▶ Activity: Copy exactly, and copy nothing else: the line that contains "Schoolhouse design. Use" and all lines after it in the listing, without pictures.

▶ Material provided:
|---|

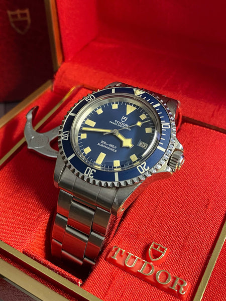Other: If you've been looking for a top-quality vintage Tudor "Snowflake" Submariner, this is the watch! It comes in collector-grade condition with an absolutely gorgeous original matte blue dial and matching original blue bezel insert. The Tritium lume is spectacular all around and has aged to a pleasing shade of yellow on the dial and original "Snowflake" hands - it really explodes in the sun! We are absolutely thrilled to offer this watch from Justin's private collection. It was owned by a very prominent and well-known collector before him. We love the D19 Superdome crystal without the cyclops over the date window. You can buy a comparable vintage Rolex Submariner in this price range, but that will be a much more common watch and it won't have a blue dial and blue bezel insert with unique "Snowflake" hands. Rolex actually never made a stainless steel Submariner with a blue dial... Simply put, this Tudor is a much more interesting watch for the money. As a bonus, it comes with rare inner and outer Tudor boxes and Tudor anchor.
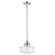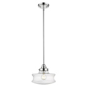 Schoolhouse design. Use as a ceiling mount or a pendant. Polished Nickel finish is easy to mix and match with other hardware. As a pendant, use multiples for extra impact.
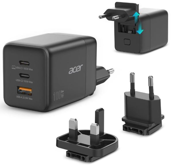 Acer 100W GaN Ladegerät USB-C/USB-A schwarz (HP.DSCAB.019)

|---|

▶ Answer to this problem:
 Schoolhouse design. Use as a ceiling mount or a pendant. Polished Nickel finish is easy to mix and match with other hardware. As a pendant, use multiples for extra impact.
 Acer 100W GaN Ladegerät USB-C/USB-A schwarz (HP.DSCAB.019)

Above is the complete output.